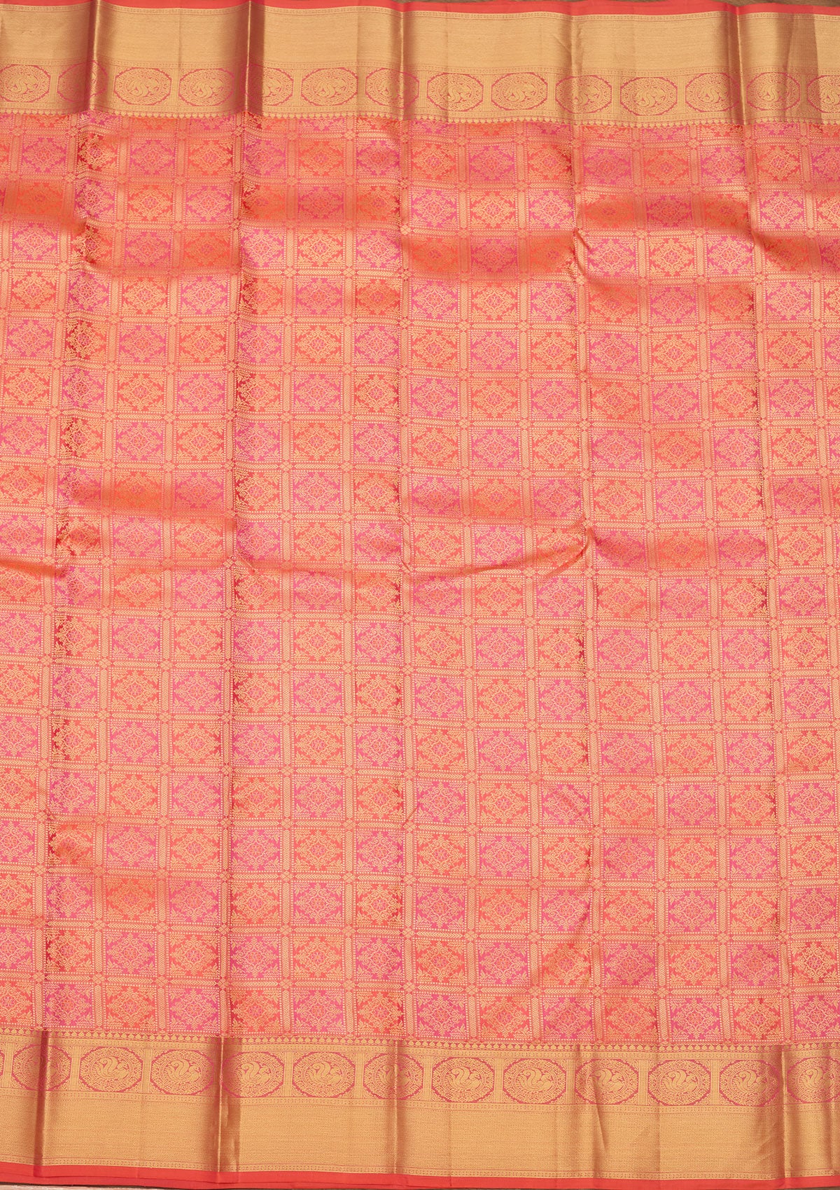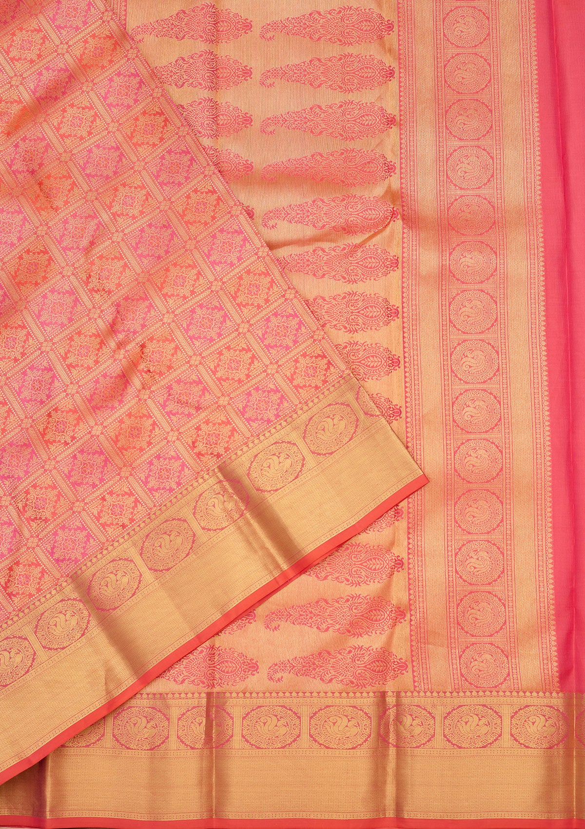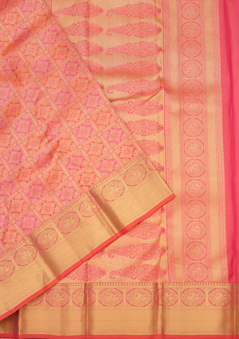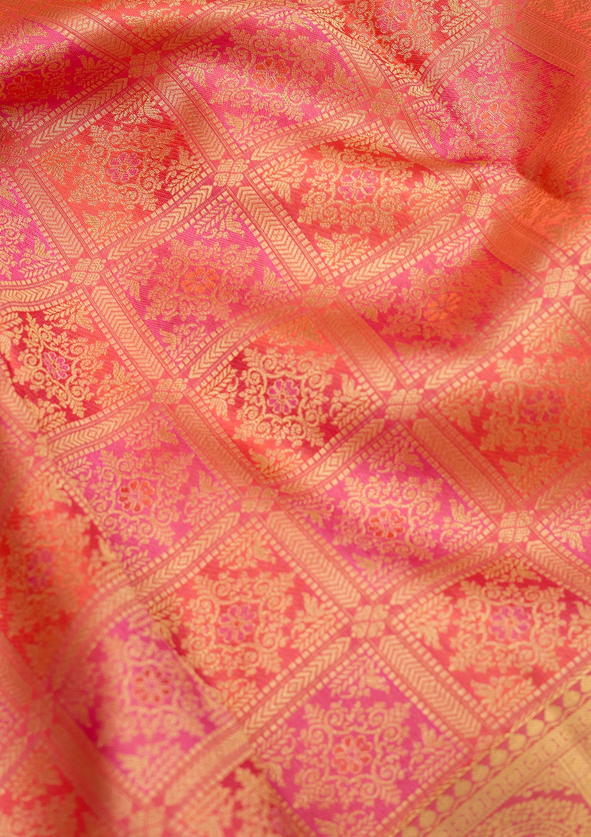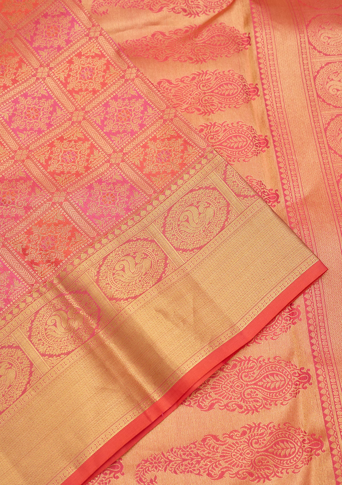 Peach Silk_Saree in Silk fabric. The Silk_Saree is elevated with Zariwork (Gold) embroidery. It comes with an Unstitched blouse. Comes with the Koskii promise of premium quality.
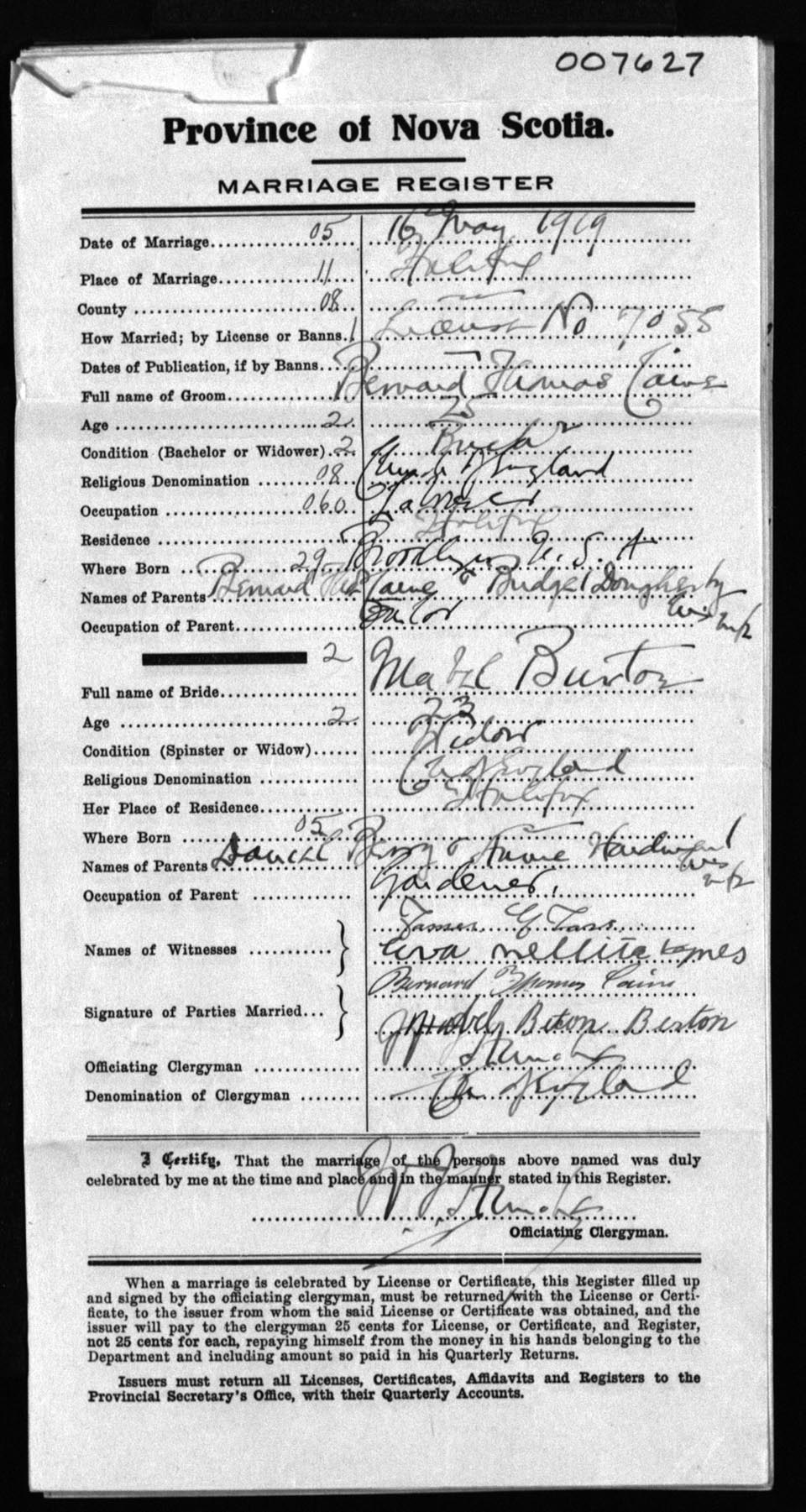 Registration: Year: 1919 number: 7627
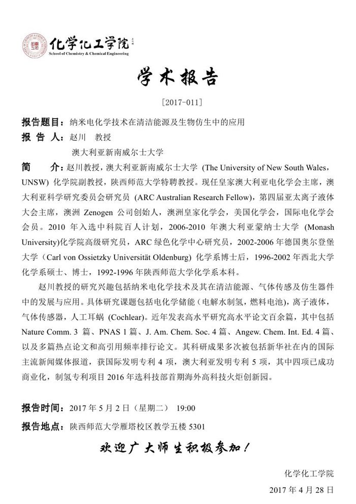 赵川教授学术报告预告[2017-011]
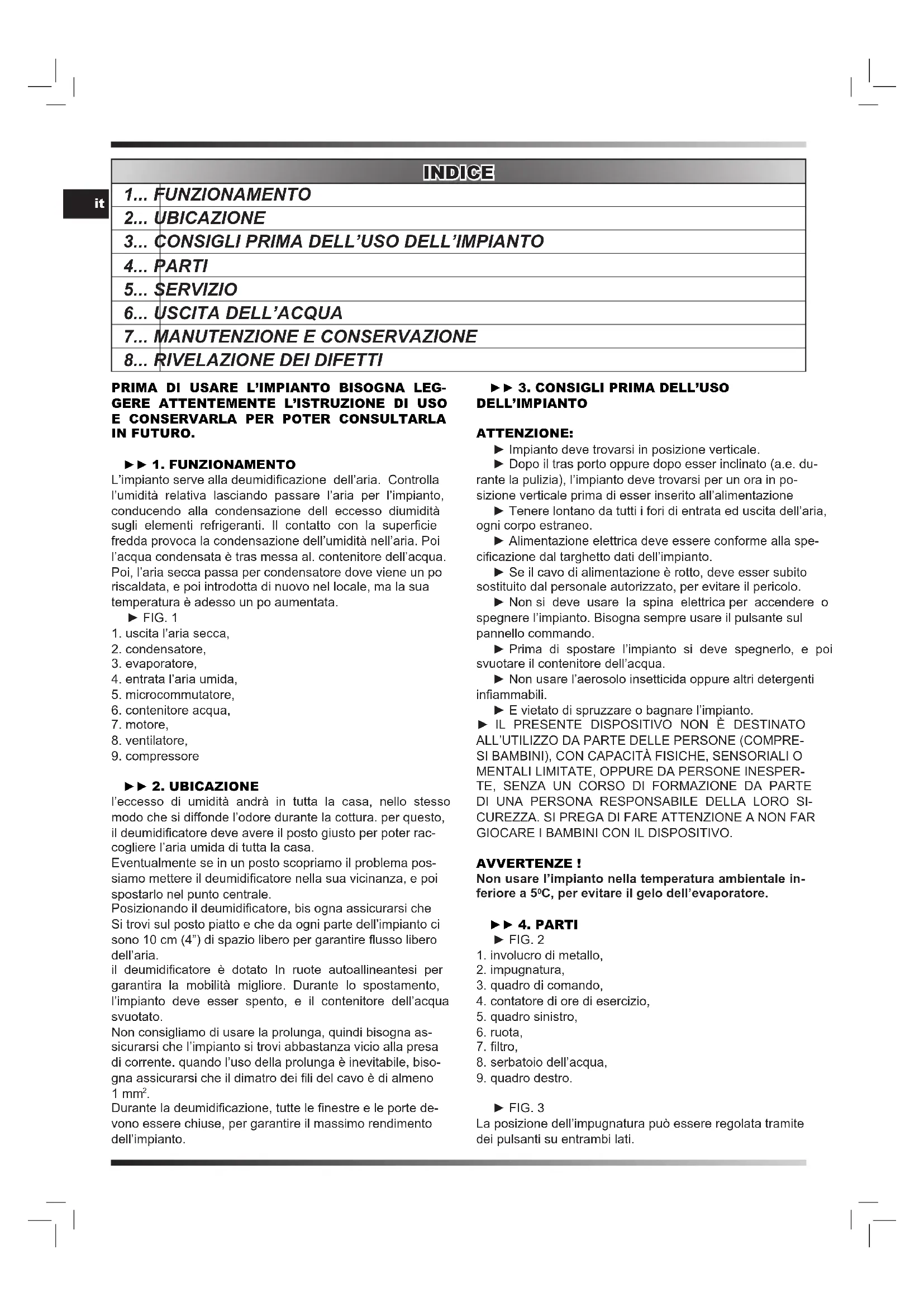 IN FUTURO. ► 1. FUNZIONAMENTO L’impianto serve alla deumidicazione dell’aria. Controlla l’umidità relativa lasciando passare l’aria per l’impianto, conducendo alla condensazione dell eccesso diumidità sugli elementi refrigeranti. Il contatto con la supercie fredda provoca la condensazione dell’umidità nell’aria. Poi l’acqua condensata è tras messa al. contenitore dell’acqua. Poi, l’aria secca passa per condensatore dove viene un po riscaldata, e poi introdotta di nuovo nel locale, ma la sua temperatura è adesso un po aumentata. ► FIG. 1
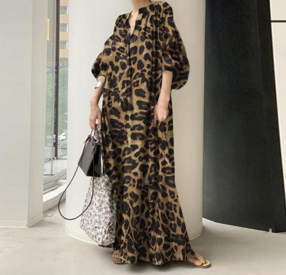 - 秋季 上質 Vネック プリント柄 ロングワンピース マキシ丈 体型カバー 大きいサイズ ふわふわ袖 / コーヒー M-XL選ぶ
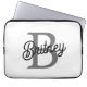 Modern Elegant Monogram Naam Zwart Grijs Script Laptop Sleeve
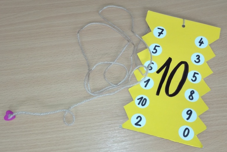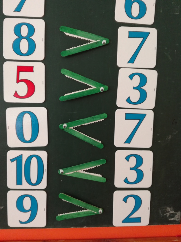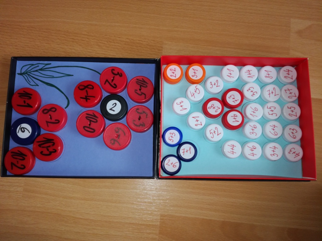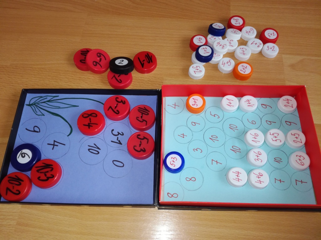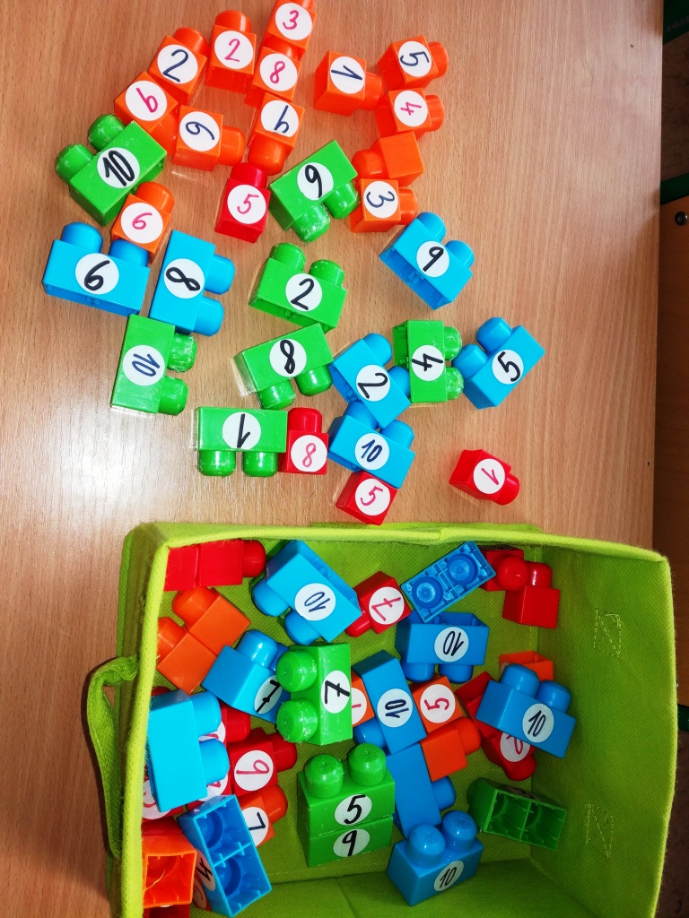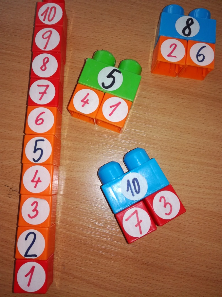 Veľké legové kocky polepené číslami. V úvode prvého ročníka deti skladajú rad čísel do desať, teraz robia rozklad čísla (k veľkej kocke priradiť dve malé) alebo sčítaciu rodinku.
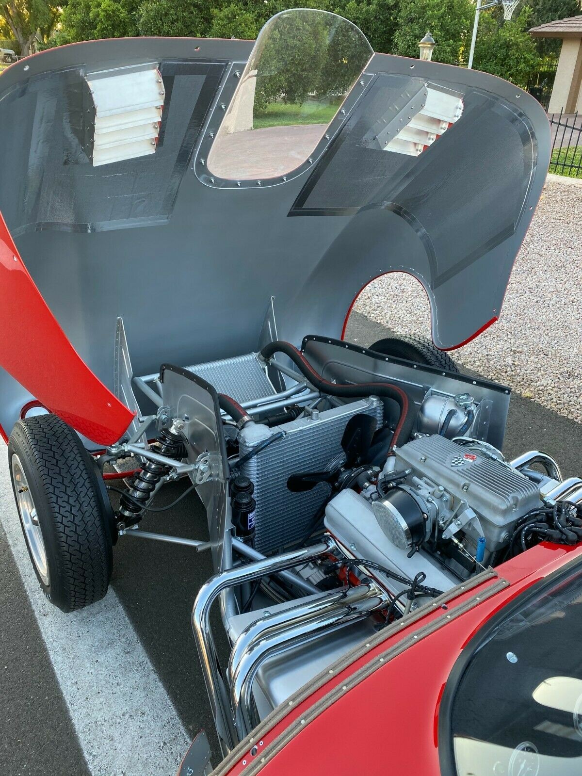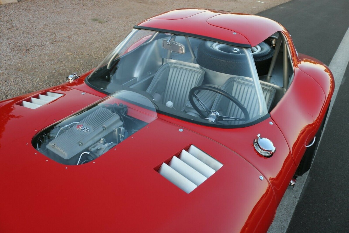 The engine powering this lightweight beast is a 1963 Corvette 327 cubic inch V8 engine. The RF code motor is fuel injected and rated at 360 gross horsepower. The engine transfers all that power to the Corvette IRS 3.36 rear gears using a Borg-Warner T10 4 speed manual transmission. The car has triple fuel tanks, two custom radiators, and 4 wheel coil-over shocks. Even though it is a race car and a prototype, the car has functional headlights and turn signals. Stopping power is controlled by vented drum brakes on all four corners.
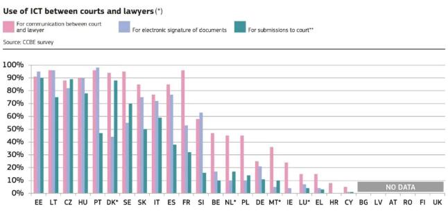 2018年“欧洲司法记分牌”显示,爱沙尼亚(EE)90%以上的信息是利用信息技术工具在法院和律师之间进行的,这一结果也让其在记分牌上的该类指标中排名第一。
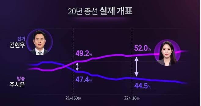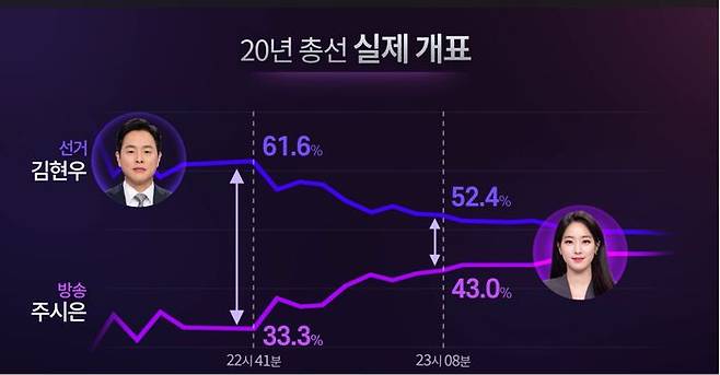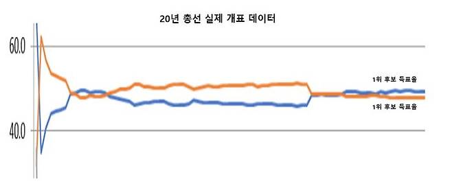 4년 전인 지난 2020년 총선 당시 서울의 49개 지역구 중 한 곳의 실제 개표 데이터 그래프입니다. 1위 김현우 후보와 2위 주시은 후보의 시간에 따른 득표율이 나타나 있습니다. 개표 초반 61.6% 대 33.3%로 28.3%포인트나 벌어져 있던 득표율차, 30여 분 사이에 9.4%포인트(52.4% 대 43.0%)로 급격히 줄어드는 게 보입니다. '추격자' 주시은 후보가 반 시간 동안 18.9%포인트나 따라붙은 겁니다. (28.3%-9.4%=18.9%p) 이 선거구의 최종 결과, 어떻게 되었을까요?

Your task »
Above are the records; copy from them only the lines starting at the one containing "Registration: Year: 1919 number: 7627" and ending at the one containing "赵川教授学术报告预告[2017-011]", exactly and without pictures.

Task solution »
 Registration: Year: 1919 number: 7627
 赵川教授学术报告预告[2017-011]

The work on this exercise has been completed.